# Puppy Dumping Over Water Bowl



## Wyatt's mommy (Feb 25, 2011)

Yes Wyatt made a mess with his water bowl. Plus he is a sloppy drinker and the water just literally drips from his mouth after getting a drink. We solved this by putting his water bowl outside in the backyard next to the door.


----------



## JaimeNTJ (Aug 4, 2012)

How about decreasing the water? That way there's just enough to drink and that's it? Is it plastic? How about a glass/aluminum one?


----------



## FeatherRiverSam (Aug 7, 2009)

You might consider a short stand which holds the water bowl...you can buy them or even make one on your own. It doesn't have to be very high off the ground, just high enough to drop the water bowl into. That should solve your problem.

Pete


----------



## goldhaven (Sep 3, 2009)

My pup didn't dump it and carry it, she would just try to dig in it as fast as she could and splash the water everywhere. I purchase one that attaches to her crate and attached it to the outside of her crate so that she couldn't move it and it was neck level so that she had to stand up on her hind legs to get her front feet in to play in it. As she grew, I raised it up. She is now 5 months old and I don't have any problems anymore. She stopped shortly after I raised the bowl up.


----------



## cubbysan (Mar 13, 2007)

For three years I have not had a water dish inside my house because MacKenzie takes her paws and plays in it, water everywhere. I think she is trying to get her reflection, she is addicted to reflections of light on the walls, etc.

Brady has always refused to drink out of a water bowl, and prefers the toilet.
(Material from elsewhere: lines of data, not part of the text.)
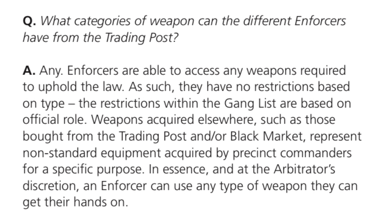 Now, this doesn’t mean that you or your Arbitrator has to allow this! Weapon access for Enforcers can still be houseruled as restricted, just as easily as it was house-ruled as okay before.
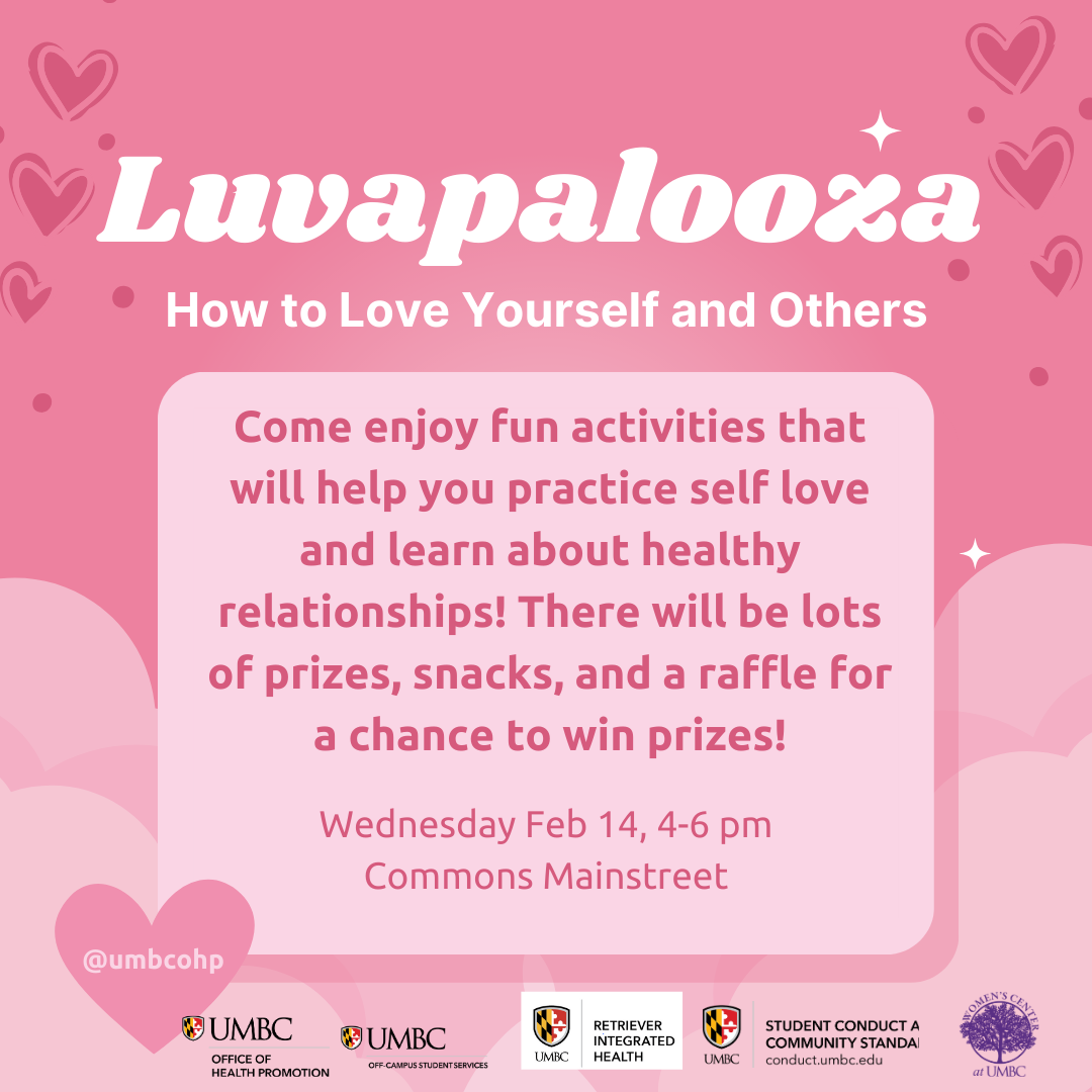 Come enjoy fun activities that will help you practice self love and learn about healthy relationships! There will be lots of prizes, snacks, and a raffle for a chance to win prizes!
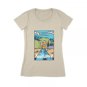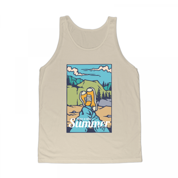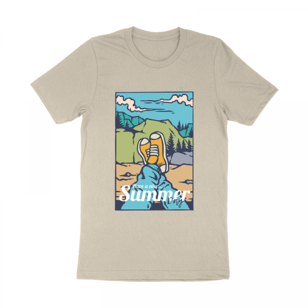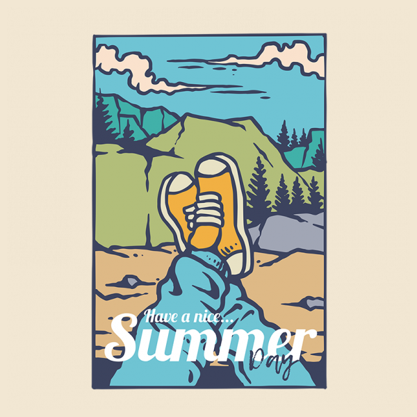 Vector illustration of summer adventure on the mountain with sneakers. Ready to print on t-shirt.
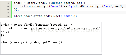 EXT还提供了函数find()和findBy(),可以利用它们对store中的数据进行搜索,如下面的代码所示。
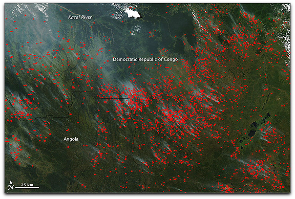 More than half of the gross domestic product (the value of all the goods and services produced by a country) of Democratic Republic of Congo comes from the agriculture sector, and fire is a pivotal part of agriculture across most of Africa. People burn crop residue to clear fields after harvest, and they burn forest and other natural vegetation to clear new land for farming. Fire is also used to drive game and grazing animals to new locations and to stimulate new growth in pastures. This annual burning has taken place for hundreds, possibly thousands of years, and it is not necessarily immediately hazardous. But it can have a strong influence on air quality and public health, as well as on climate and natural resources.
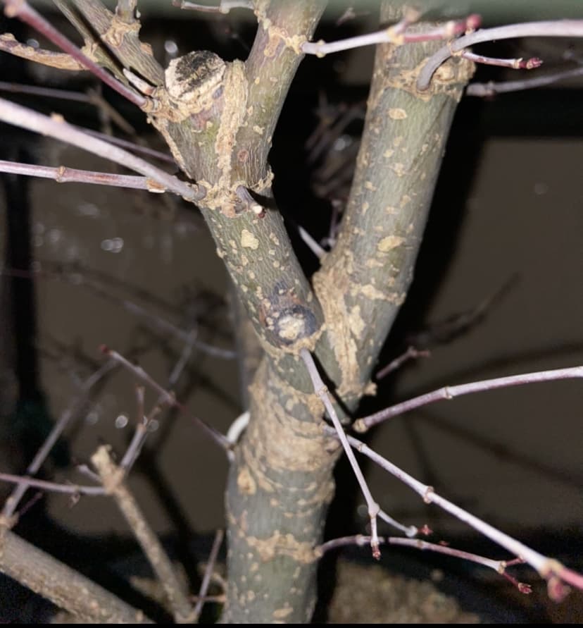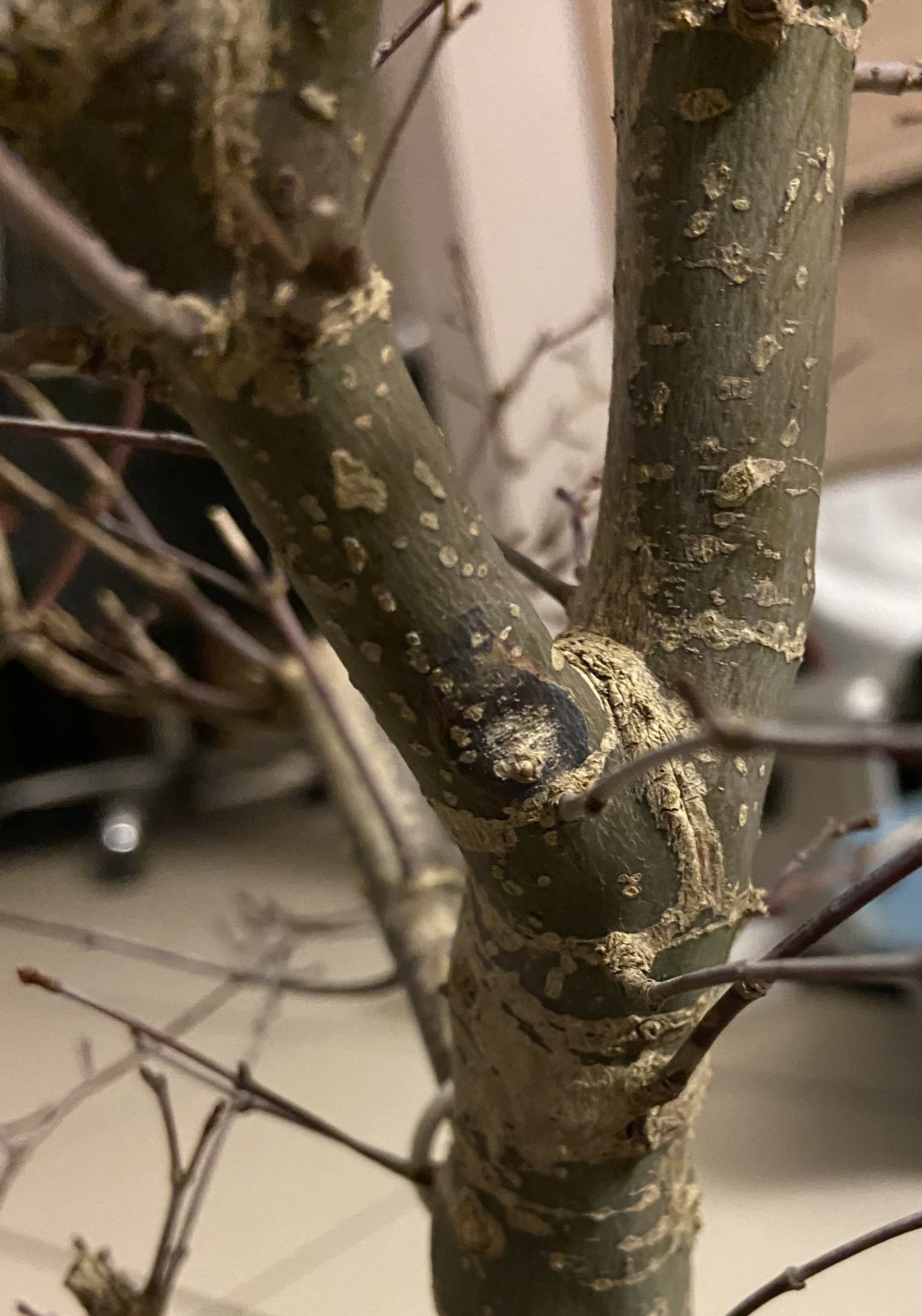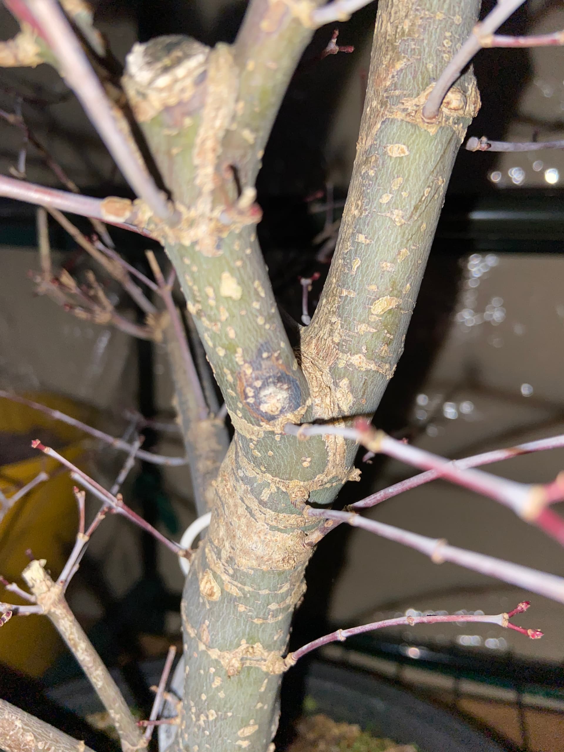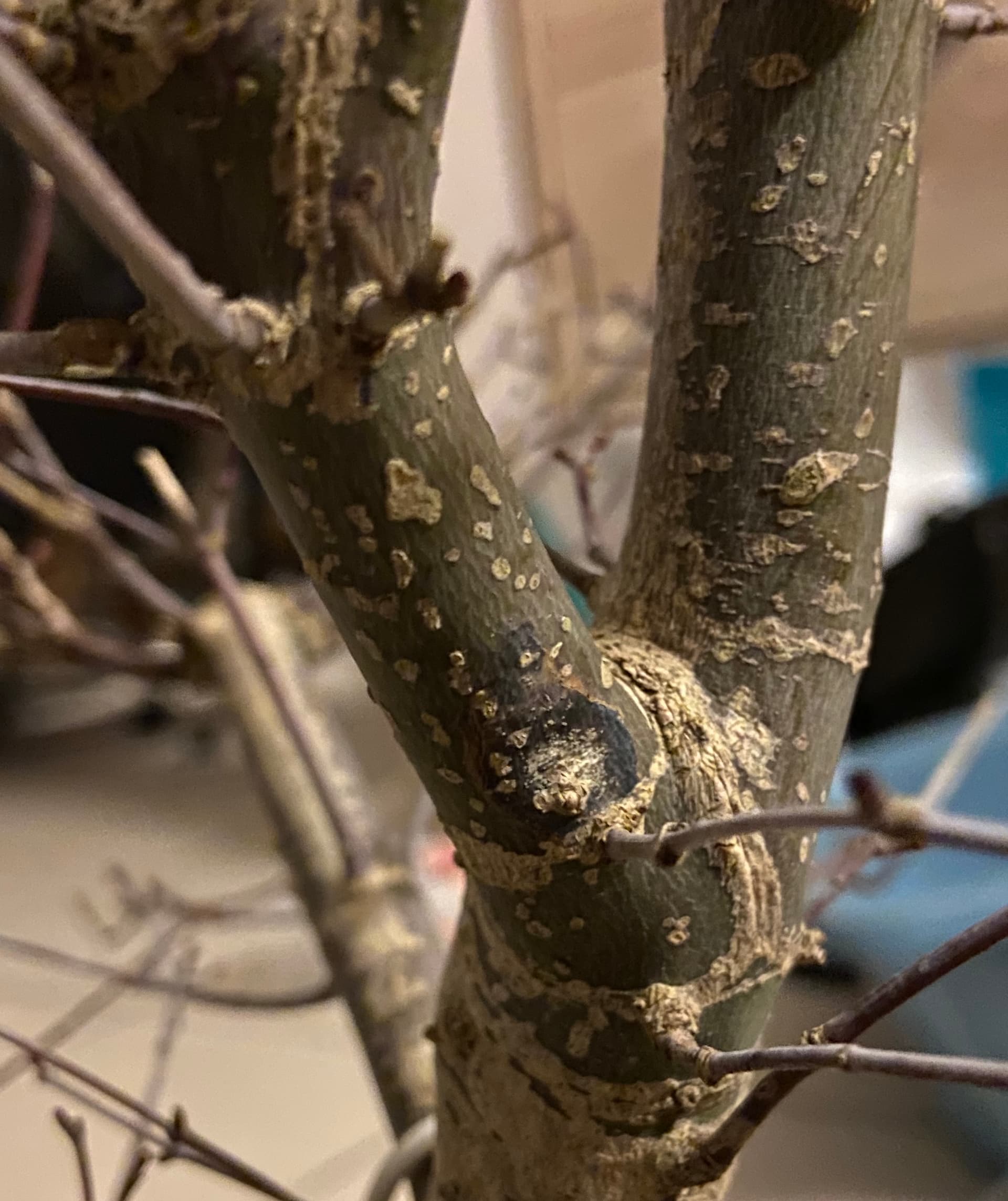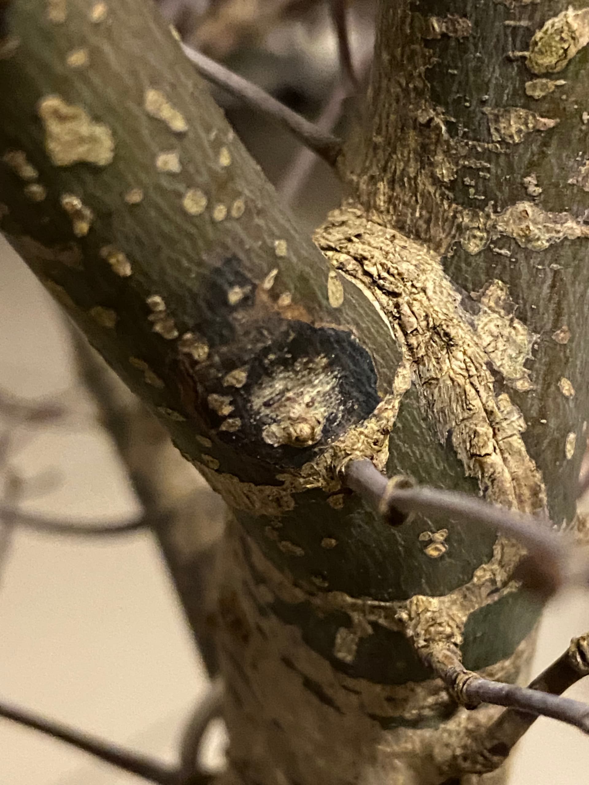 Merci pour vos réponses, j’ai rentré l’erable le temps de prendre une photo, voici plus de détail en espérant que ca vous aide mieux. J’avoue qu’une verticilliose me fait flipper, vous pouvez voir que la branche au dessus n’a pas l’air touchée, mais au dessus il y a eu une ancienne coupe mastiqué par le vendeur.
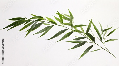 Fototapeta premium A vibrant green bamboo leaf against a clean white background, showcasing its...
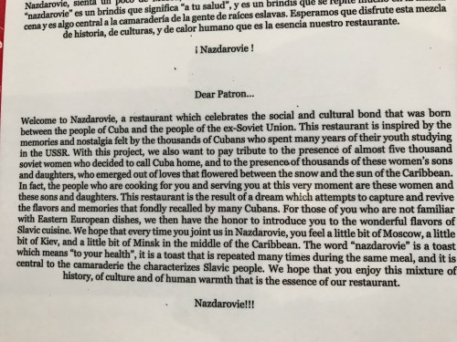 We had planned to take some pictures of the banner hanging from the balcony of El Presidente. When we went in, however, the balcony was full of Danish tourists. The owner came over, all 6’4″ of him, seemingly pissed off, and we explained what we wanted– then Warren mentioned that we’d been in the day before. “That was you?” the owner rumbled in a strong Slavic accent. “You drank 21 daquiris. Is new record. Thought was my friends! You come back one hour.” So we did. We went next door to Nazdarovie, the most unique restaurant I’ve ever been to. It is a Soviet-themed (not Russian) restaurant, in the capital of the Soviet Union’s biggest client state, serving traditional Russian dishes and decorated with all sorts of Cold War-era propaganda. Here’s how the menu sums up their origin story:

A few months ago, we got chickens, and I fill a five gallon plastic pail of water in my kitchen to fill the chickens bowls. Well, by accident, I discovered that my crazy goldens love to drink the water out of it and make no mess. This is now their new water bowl! 

I just need to make sure they do not get into the bucket we use to clean the floors with when we are cleaning. I have never seen them even interested in that one.


----------



## OutWest (Oct 6, 2011)

I solved the problem by buying and using only heavy ceramic dishes for both dogs. I had a metal bowl for his food that he would carry around and "make love to" after eating. :doh: As you said, it was funny once, then it was noisy and annoying!  The ceramic bowls work great.

Also--I put the water bowl onto a place mat for dogs with a raised edge. I still get some water on the floor, but it's greatly reduced.


----------



## Willow52 (Aug 14, 2009)

Hank's water bowl is a heavy, crock material. No way to dump it or carry it for that matter.


----------



## mylissyk (Feb 25, 2007)

We have Le Bistro water tank, so 5 gallons of water they can't move it. But when Robbie was young he would paddle with his front feet in the drink bowl. DH cut a plastic top to screw on it with just a hole big enough for their snout to fit so they can still drink but Robbie can't get his feet in it.


----------



## Pammie (Jan 22, 2011)

I think all golden pups play in their water bowl! Mine is not a pup anymore but he got super mischievous last week and pawed at his bowl and spilled! :doh:

When he was a wee one I used a small, flat bottom pyrex casserole dish. It was a temporary solution and I knew if he had no luck in spilling and tipping he would not get in the habit! It worked- well most of the time!!


----------



## GinnyinPA (Oct 31, 2010)

Change your bowl. There are a lot that can't be tipped over or picked up.


----------



## Emmit (Dec 9, 2010)

Maybe a good sized rock in the center of the bowl? I've seen such a solution recommended for quick-eaters, so maybe this would work to keep the bowl from moving too much? 

Other than that, I'd recommend a stand that basically acts as a "holder." It won't elevate the bowl, but will keep both bowls in place. We used one until we got another dog and food started getting dropped into the water, because neither would drink from it then. 

This is the stand I'm thinking of. It's only high enough to hold the bowls in place.
Petco Brushed Stainless Steel No-Tip Contemporary Double Diner at PETCO


----------